Integrating Hudi with Kubernetes for Scalable Deployments

Apache Hudi is a powerful framework for building data lakehouses with upsert, incremental processing, and time-travel capabilities. While Hudi traditionally runs on YARN or Spark Standalone, running it on Kubernetes offers significant advantages in terms of scalability, cloud-native architecture, and resource efficiency.

In this blog, we explore how to deploy and manage Hudi workloads on Kubernetes, leveraging Spark on K8s, Helm charts, and best practices to support real-time and batch data lake processing.

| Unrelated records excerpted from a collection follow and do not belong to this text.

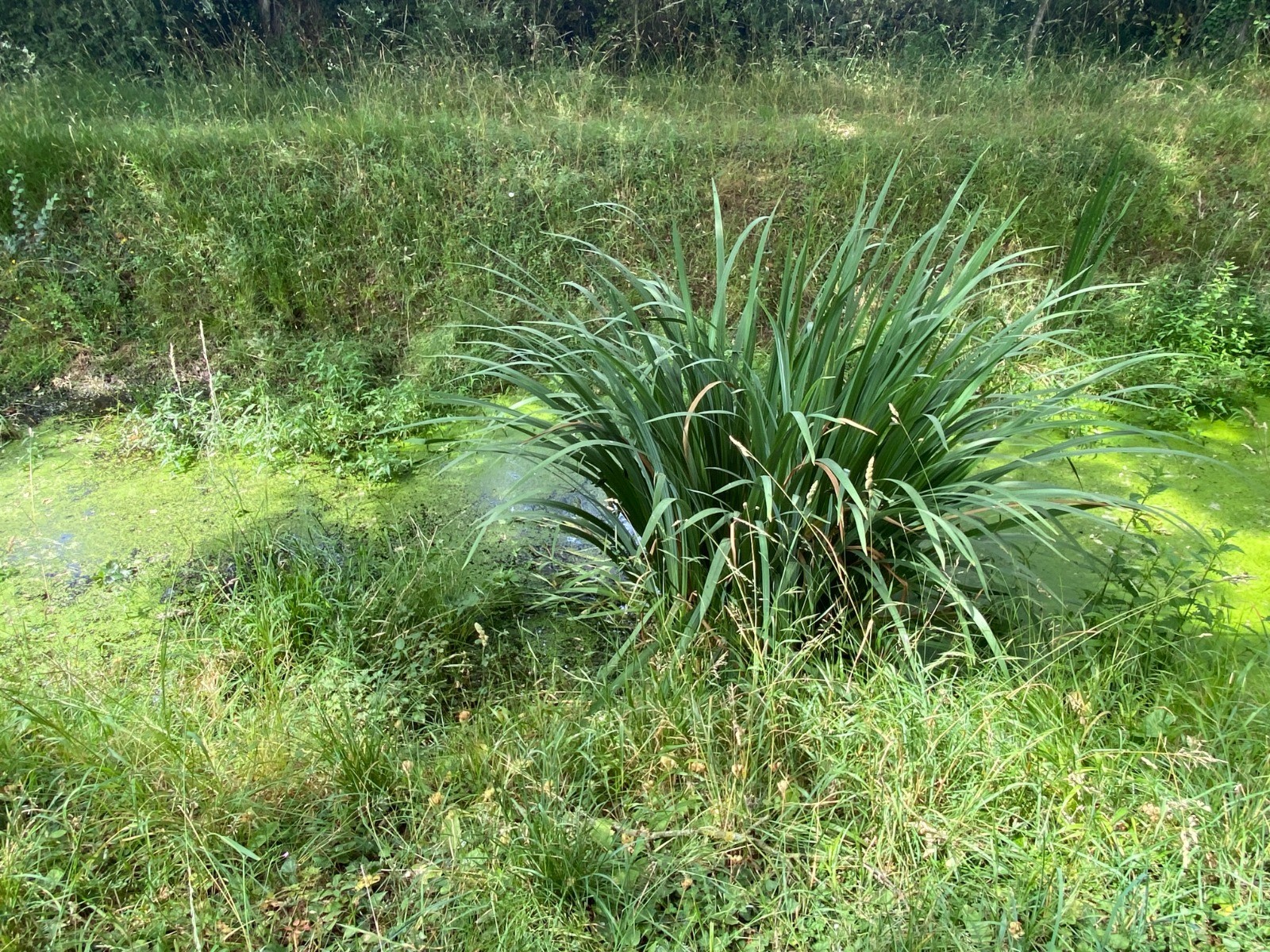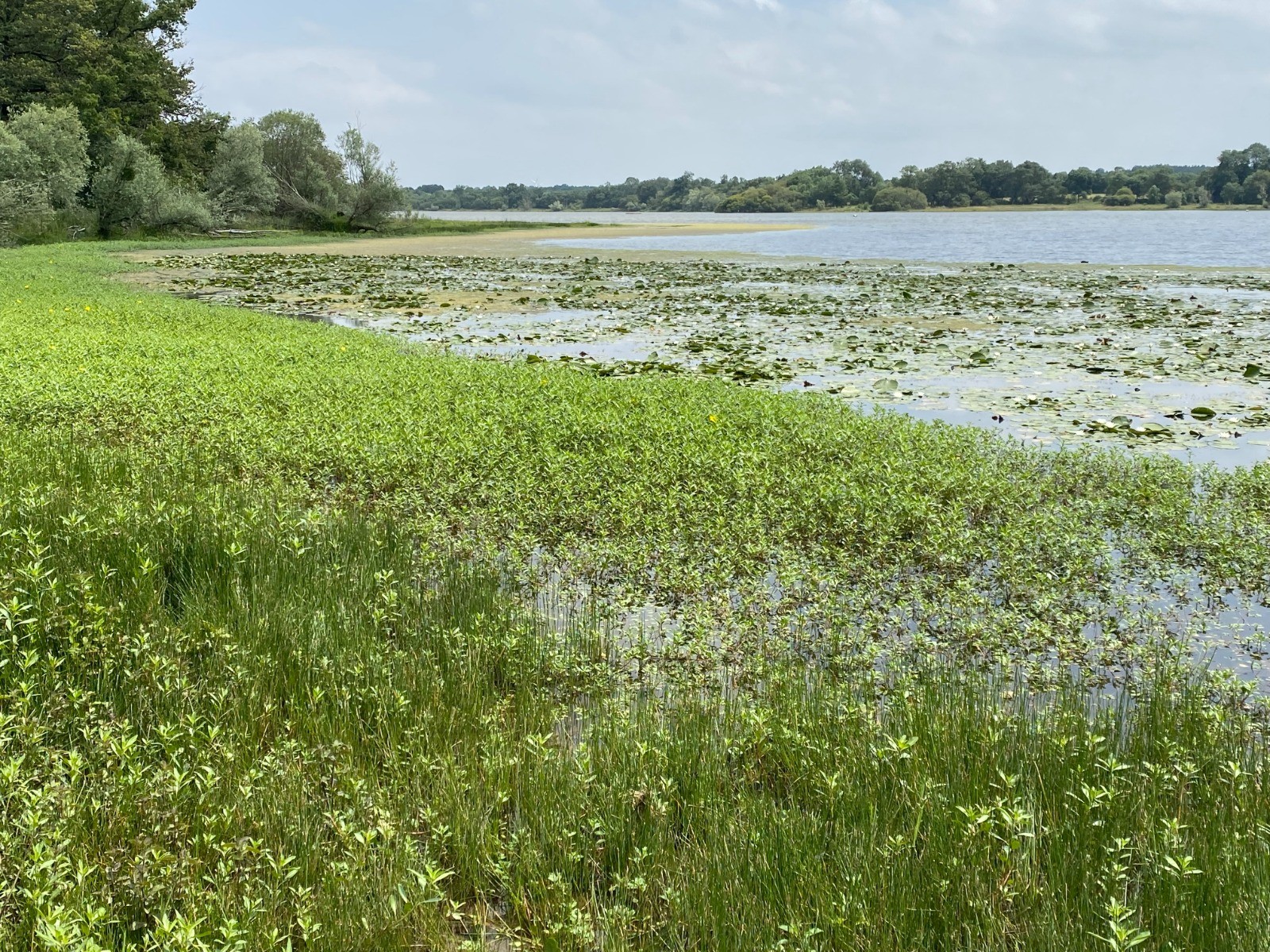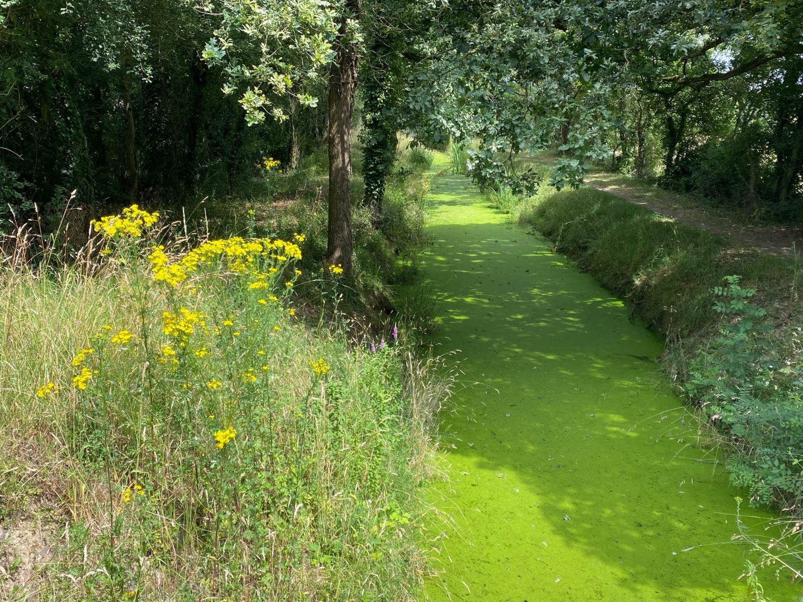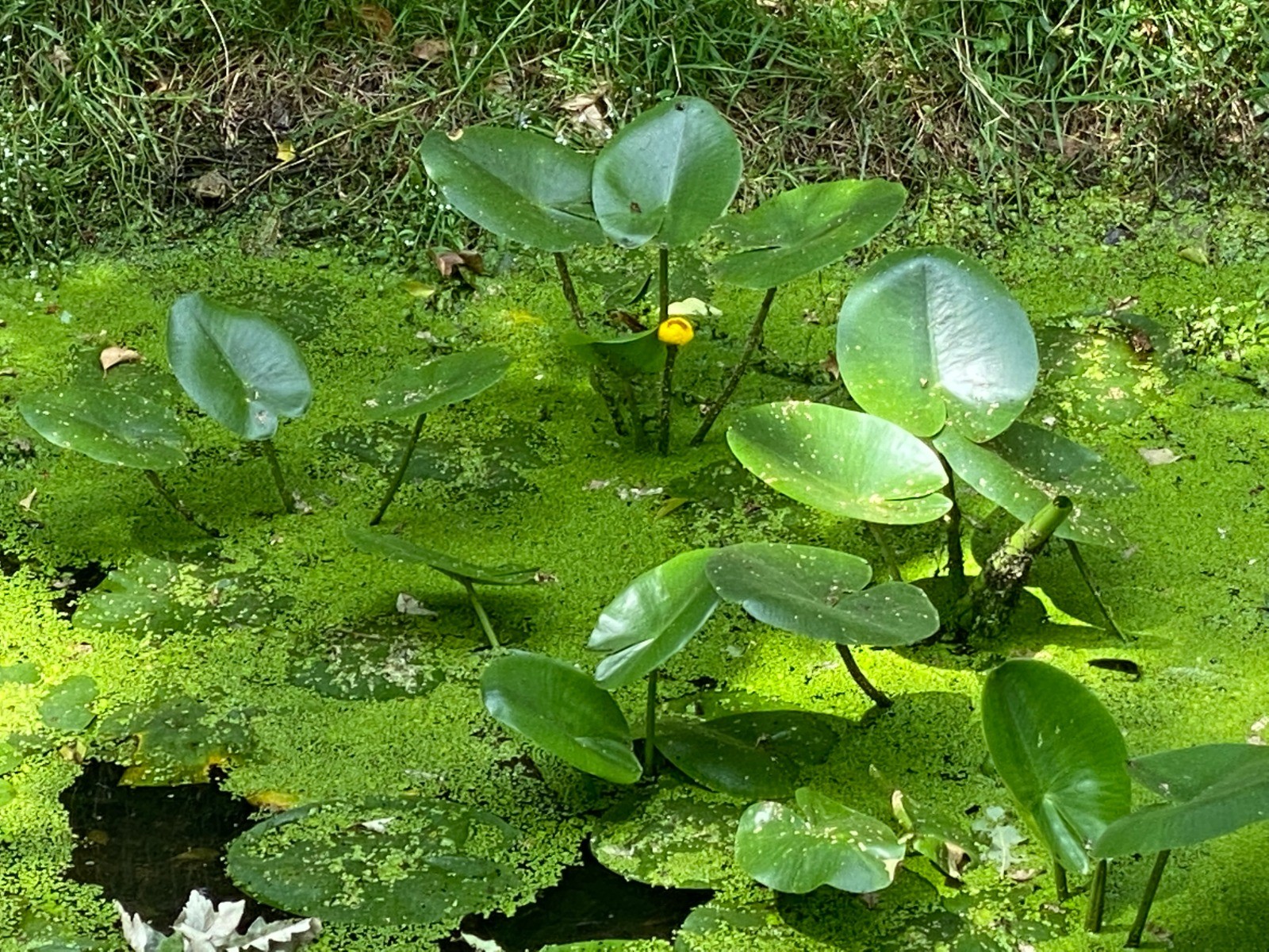 Celle-ci est envahie par des lentilles d'eau et ici et là de grosses colonies de nénuphars jaunes.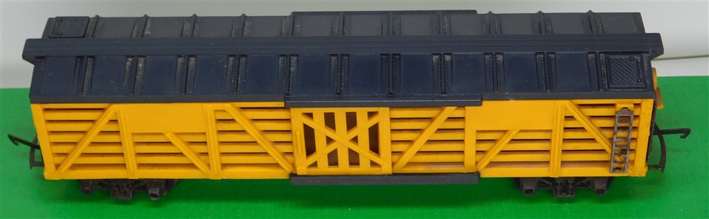Tri-ang Transcontinental: Tri-ang TC unlettered yellow stock car, metal bogies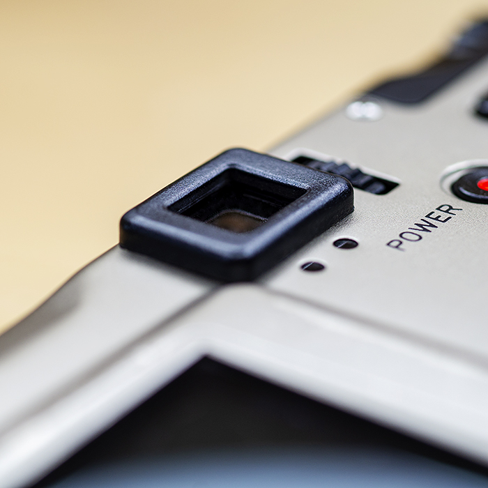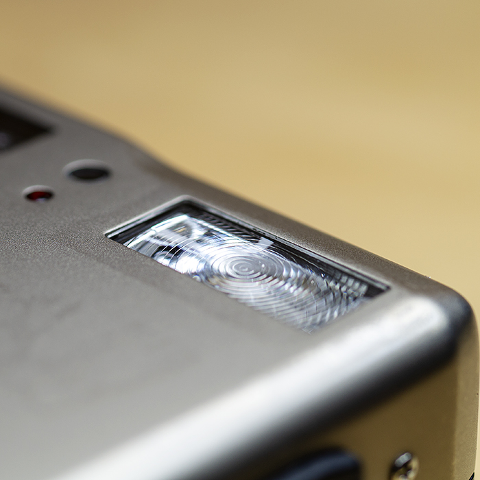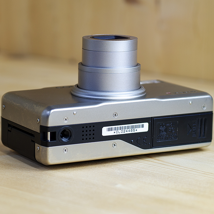 먼저 카메라의 디자인은 직사각형에 가까운 금속바디로 단순하면서도 깔끔한 느낌을 보여줍니다. 전체적으로 캐논의 IXUS-V 시리즈나 교세라의 파인캠 시리즈와 흡사한 분위기를 보여주고 있지만 좀 더 간단하게 면모를 볼 수 있습니다. 전면 중앙의 렌즈나 플래쉬의 위치, 뷰 파인더의 위치 등도 컴팩트형 디지탈 카메라에서 흔히 볼 수 있는 구조입니다.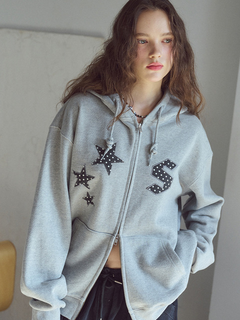 [꼼파뇨] [2-WAY] 도트스타 패치 후드 집업 그레이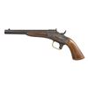 MODEL ROLLING BLOCK PISTOL. Cal. 50. S# 1605 (found on bottom of barrel). Rare pistol has standard 1865 features with addition of a brass trigger guard. Trigger guard bow is stamped "PATTERN GUARD / ORDER, JANy 28, 1870. / ORD DEPT. U.S.N.Y.W. / F.M.R." It is known that many of the Model 1865 pistols were converted to Model 1867 configuration in the early 1870's. The 1867 had a standard trigger and trigger guard. This appears to be a prototype or experimental model that facilitated that transition. Bbl. 8 1/2" round with blade sight. Breech end of barrel is marked with Navy anchor. Rolling block action features standard Model 1865 spur trigger. Left side of frame is marked "REMINGTON'S, ILION N.Y. U.S.A. / PAT. MAY 3d NOVEMBER 15th 1866 APRIL 17th 1866". Right side of receiver has inspectors markings "P / F.C.W." Walnut forearm and 1 piece walnut grip. Left panel shows a weak "F.C.W." cartouche. Although approx. 6,500 Model 1865's were produced, they are scarce today due to conversion. CONDITION: metal has faded to a dark brown patina with light surface corrosion. Wood shows wear and handling marks. Lightly pitted bore retain strong rifling. (01-21448/DS). ANTIQUE. $1,500-2,500.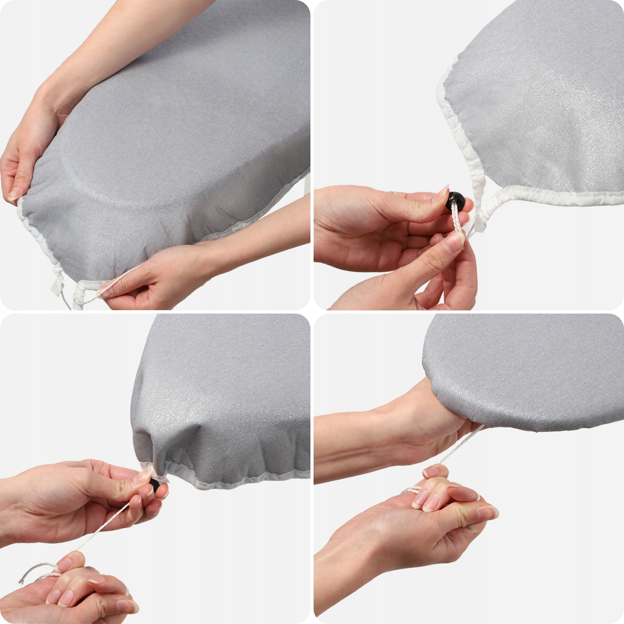 ✅ЛЕГКАЯ ПОДГОТОВКА ПОД ФОРМУ ДОСКИ - инновационная шнурок со стопором позволяет точно подогнать чехол к доске, обеспечивающий стабильность при глажке. Вам не придется беспокоиться о том, что чехол соскользнет с доски.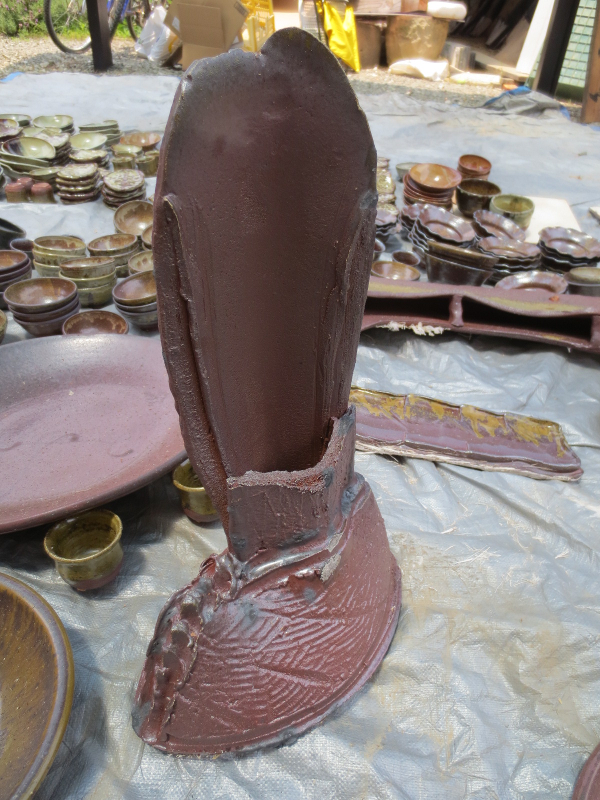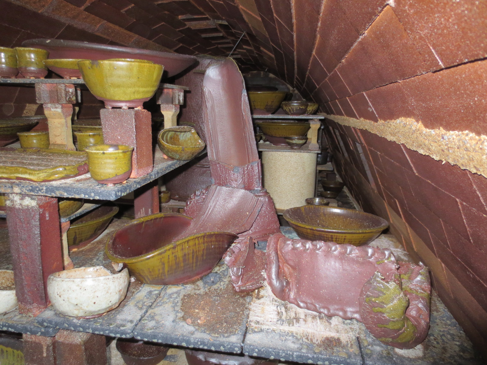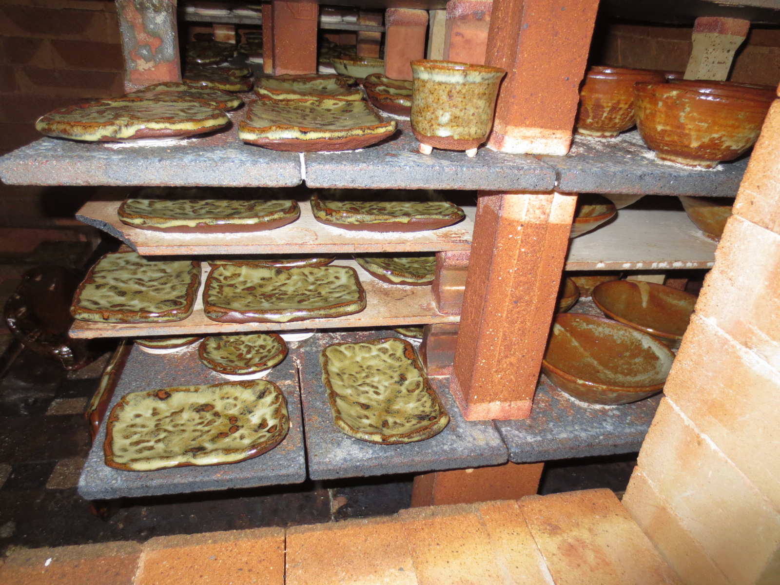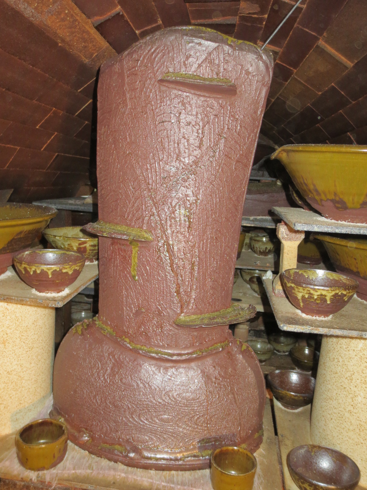 The unloaded pots have now been hammered, moved inside the studio, or are getting refired. The ones that have been moved inside the studio are starting to get cleaned up and polished, in preparation for next spring’s shows.

Why Run Hudi on Kubernetes?

Benefit	Description
Scalability	Easily scale pods and Spark executors on demand
Portability	Run on any cloud or on-prem K8s cluster
Cost Efficiency	Use autoscaling and spot instances
Isolation	Containerized apps prevent resource contention
Cloud-native Ops	Seamless CI/CD, monitoring, and rollbacks

Running Hudi on K8s aligns with modern infrastructure standards, especially for hybrid and multi-cloud architectures.

Architecture Overview

To run Hudi on Kubernetes:

Apache Spark 3.x with Kubernetes support is required
Hudi jobs are submitted using Spark-on-Kubernetes mode
Data is stored in S3, GCS, or HDFS
Optionally use Hive Metastore, AWS Glue, or Data Catalog
Deploy using kubectl, Helm, or SparkOperator

[Dockerized Spark App] → [K8s Cluster] → [S3/HDFS]  
↘                ↘  
[Hive Metastore]    [Glue Catalog]  

Prerequisites

Kubernetes Cluster (EKS, GKE, AKS, or local minikube)
Spark 3.1+ built with K8s support and Hudi compatibility
Hudi utilities bundle JAR
Docker or Podman to build custom Spark images
Access to object store (S3, GCS, etc.)

Step 1: Build a Hudi-Compatible Spark Docker Image

Create a Dockerfile:

FROM gcr.io/spark-operator/spark:v3.3.0

ADD hudi-spark3.3-bundle_2.12-0.14.0.jar /opt/spark/jars/

Then build and push:

docker build -t myrepo/spark-hudi:latest .
docker push myrepo/spark-hudi:latest

Step 2: Submit Hudi Jobs on Kubernetes

Use Spark submit with --master k8s and point to your image:

spark-submit \
--master k8s://https://<k8s-api-server> \
--deploy-mode cluster \
--name hudi-job \
--class org.apache.hudi.utilities.deltastreamer.HoodieDeltaStreamer \
--conf spark.executor.instances=5 \
--conf spark.kubernetes.container.image=myrepo/spark-hudi:latest \
--conf spark.kubernetes.namespace=default \
--conf spark.hadoop.fs.s3a.access.key=XXX \
--conf spark.hadoop.fs.s3a.secret.key=XXX \
local:///opt/spark/jars/hudi-utilities-bundle.jar \
--table-type COPY_ON_WRITE \
--target-base-path s3a://my-datalake/hudi/orders \
--target-table orders \
--props /etc/hudi/orders.properties

Step 3: Deploy via Helm (Optional)

Use Helm for templated deployment:

helm repo add bitnami https://charts.bitnami.com/bitnami
helm install spark bitnami/spark \
--set image.repository=myrepo/spark-hudi \
--set image.tag=latest \
--set worker.replicaCount=5

This simplifies provisioning Spark/Hudi workloads with autoscaling and monitoring.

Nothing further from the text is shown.